During region migration (AddPeer), if the target peer failed to load the transferred snapshot, the failure was silently swallowed. The target's IoTConsensus RPC handler returned SUCCESS regardless, so the coordinator activated the new peer and AddRegionPeerProcedure / RegionMigrateProcedure were both marked successful.

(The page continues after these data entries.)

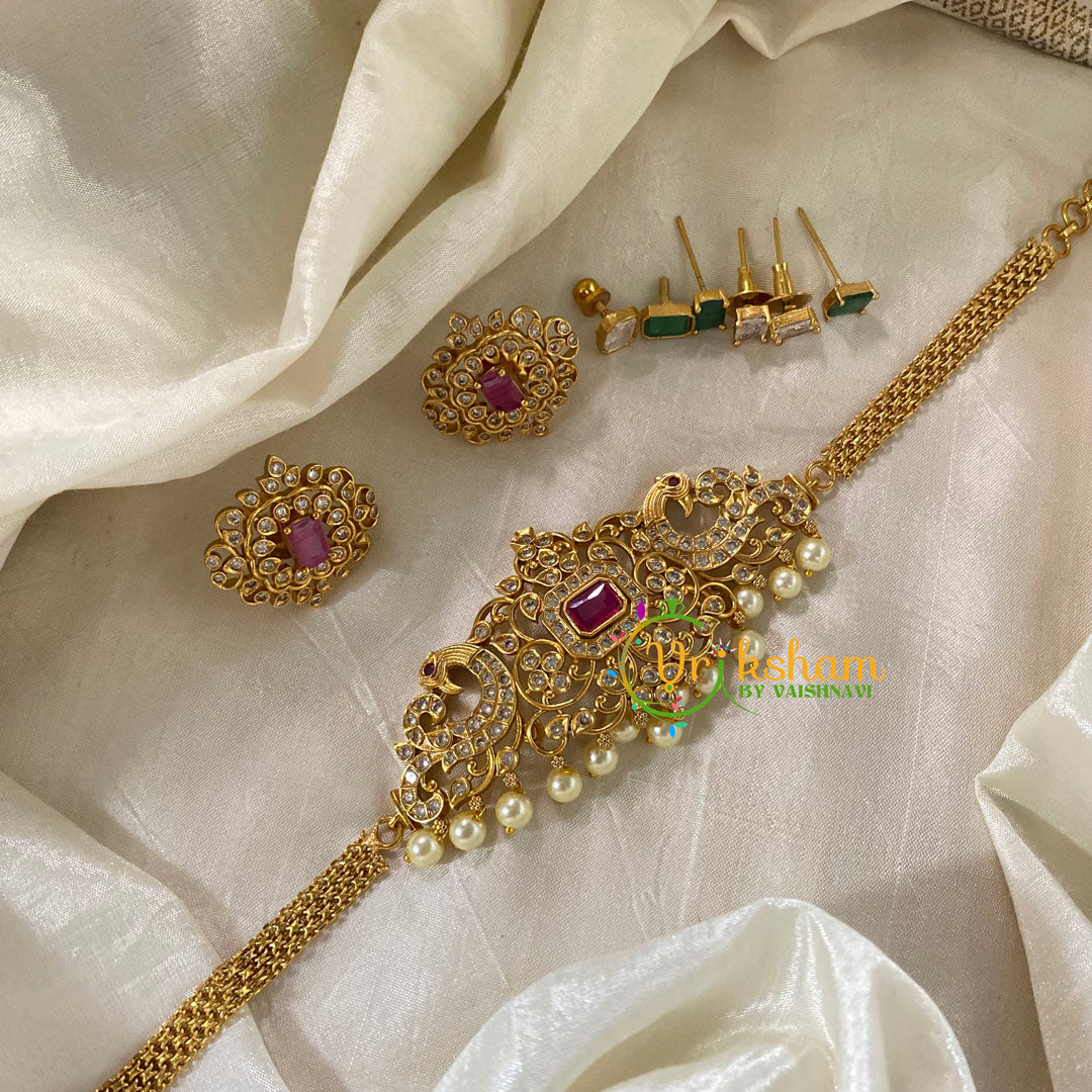 Interchangeable AD Stone High Neck Choker -Pink, Green and White stone interchangeable high neck choker, comes with pair of matching earrings.
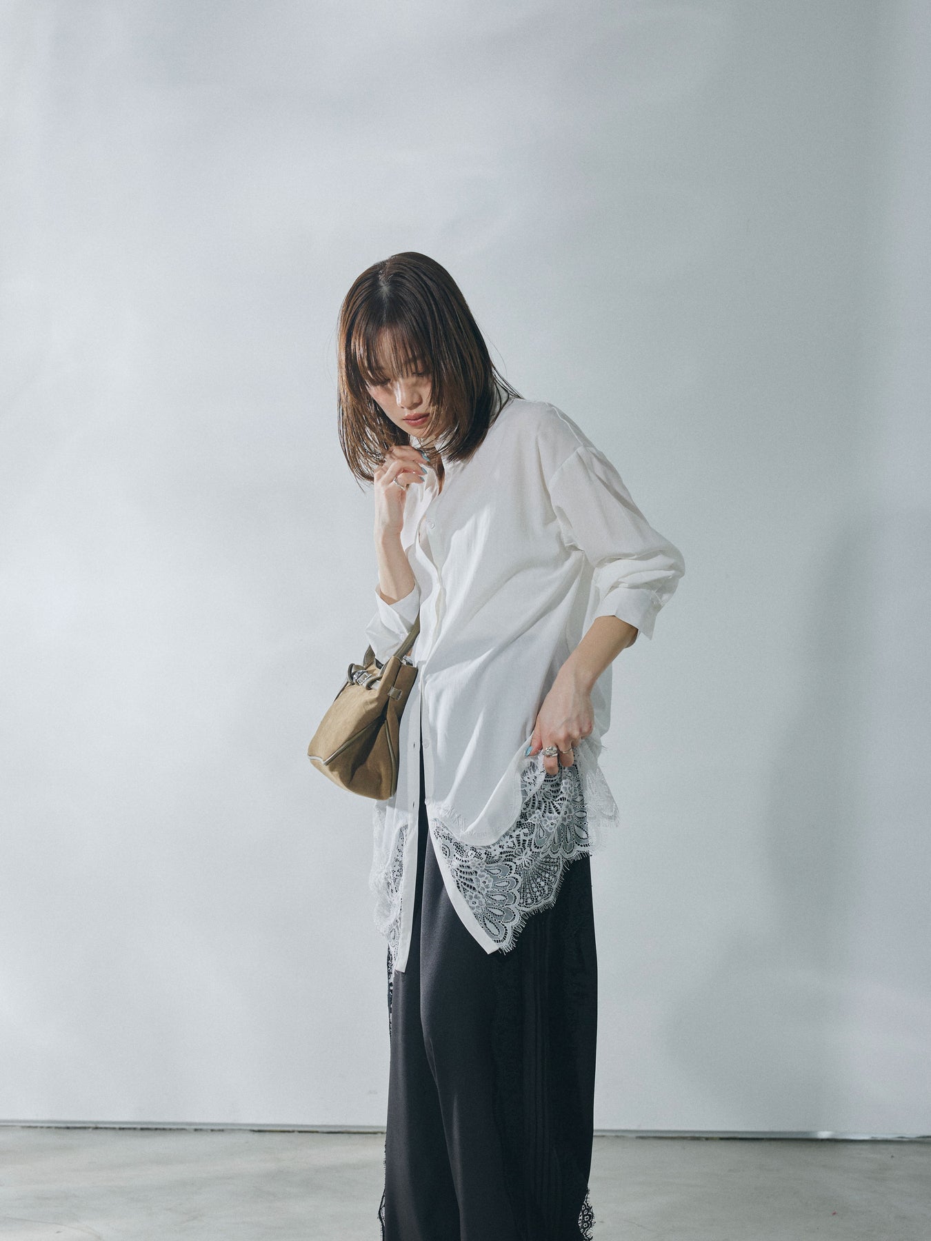 ハリ感のあるポプリン素材に、裾レースをあしらった上品な印象のシャツ。シンプルなデザインをベースに、裾のレースディテールがさりげない華やかさと抜け感をプラスします。程よくゆとりのあるシルエットで一枚着としてはもちろん、レイヤードスタイルにも取り入れやすく、デイリーからお出かけまで幅広く活躍する一着です。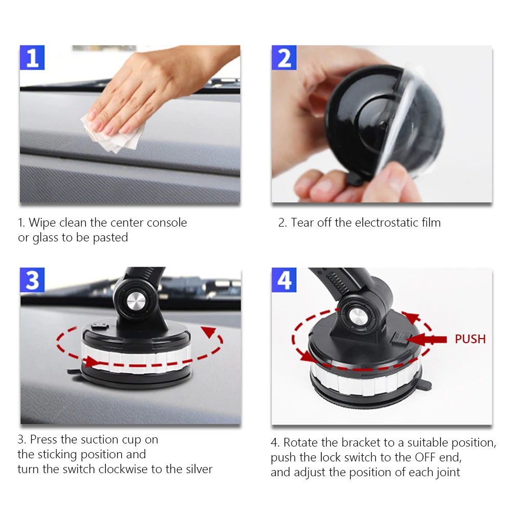 Feature: 1. Enlarged suction cup design. The suction is greater and stronger. The diameter of the upgraded version is 85mm, which is increased by 15mm on the basis of the original version, with stronger and stronger suction 2. Strong suction. The combination of disposable and reusable collets of the instrument panel provides strong clamping force and super adhesion. 3. Navigation while charging. Reserved socket for charging and navigation; It can be placed horizontally or vertically, and the navigation is not limited. You can adjust your favorite angle at will 4. 360 ° universal head rotation. Highly flexible ball joints provide unlimited vision. Put your mobile phone in the perfect angle and enjoy a lighter and safer driving experience. 5. Firm without shaking and zero noise. The rotary lock design is more firm and beautiful, with strong adsorption and stability 6. Large suction cup for water washing and glue filling. Larger size suction cup, stronger suction, more durable Specification: Product color: Black Gray, Black Green (optional) Product material: PC + ABS + metal steel + silica gel Applicable size: suitable for 4.7-6.8-inch mobile phone Product size: 30x11.5cm/1.2X4.5in (straightened) Color box size: length, width and height 15x8.7x11.4cm/5.9x3.4x4.5in Net weight: 280g Gross weight: 340g Usage method: 1. Clean the center console or glass to be pasted 2. Tear off the electrostatic film 3. Press the suction cup to the paste position and tighten the switch clockwise 4. Rotate the support to the appropriate position, push the locking switch to the off end, and adjust the position of each joint Note: Due to the different monitor and light effect, the actual color of the item might be slightly different from the color showed on the pictures. Thank you! Please allow 1-2cm measuring deviation due to manual measurement. ![]() ![]() ![]() ![]() ![]() ![]() ![]() ![]() ![]() ![]() ![]() ![]() ![]() ![]() ![]() ![]() ![]() ![]() ![]() ![]() |

The control plane reported the migration complete while the destination replica actually held no data — and once the source replica was dropped, the data was silently lost (queries returned count=0 / max_time=null).

Observed (from the report): the destination DataNode logged Exception occurs when loading snapshot ... Cannot find .../sequence/root.test/1 or .../unsequence/... and Fail to load snapshot, yet immediately afterwards set the peer active status to true, and the ConfigNode logged [AddRegion] success and [MigrateRegion] success.

Root cause

The coordinator side is already correct: IoTConsensusServerImpl.triggerSnapshotLoad (the RPC sender) checks the response status and throws ConsensusGroupModifyPeerException on failure, which causes addRemotePeer to fail, the AddPeer task to be marked FAIL, and the procedure to roll back without deleting the source replica.

The only broken link was that a snapshot-load failure was never reportable in the first place:

  • IStateMachine.loadSnapshot returned void.
  • DataRegionStateMachine.loadSnapshot caught the exception (or null region) and just logged it.
  • IoTConsensusServerImpl.loadSnapshot ignored the result (it carried a long-standing // TODO: throw exception if the snapshot load failed).
  • IoTConsensusRPCServiceProcessor.triggerSnapshotLoad therefore returned SUCCESS unconditionally.

Fix

Make snapshot-load failure reportable by changing IStateMachine.loadSnapshot to return boolean (true on success):

  • DataRegionStateMachine / SchemaRegionStateMachine / ConfigRegionStateMachine return false when loading fails (SchemaRegionStateMachine now guards its body so a failure is reported rather than thrown).
  • IoTConsensusServerImpl.loadSnapshot returns false if loading any receive folder fails (removing the TODO).
  • IoTConsensusRPCServiceProcessor.triggerSnapshotLoad returns a non-SUCCESS status when loadSnapshot fails, so the coordinator's existing error path fires and AddPeer fails instead of falsely succeeding.
  • SimpleConsensusServerImpl forwards the boolean; the Ratis ApplicationStateMachineProxy logs a load failure (its behavior is otherwise unchanged). Test state machines are updated accordingly.

Test

AddPeerSnapshotLoadFailureTest builds a real two-node IoTConsensus group and forces the target peer's loadSnapshot to fail. It verifies that addRemotePeer:

  • actually reaches the snapshot-load step (so the failure under test is the right one, not an earlier step),
  • throws ConsensusException instead of silently succeeding,
  • does not leave the target peer active with an incompletely-loaded snapshot.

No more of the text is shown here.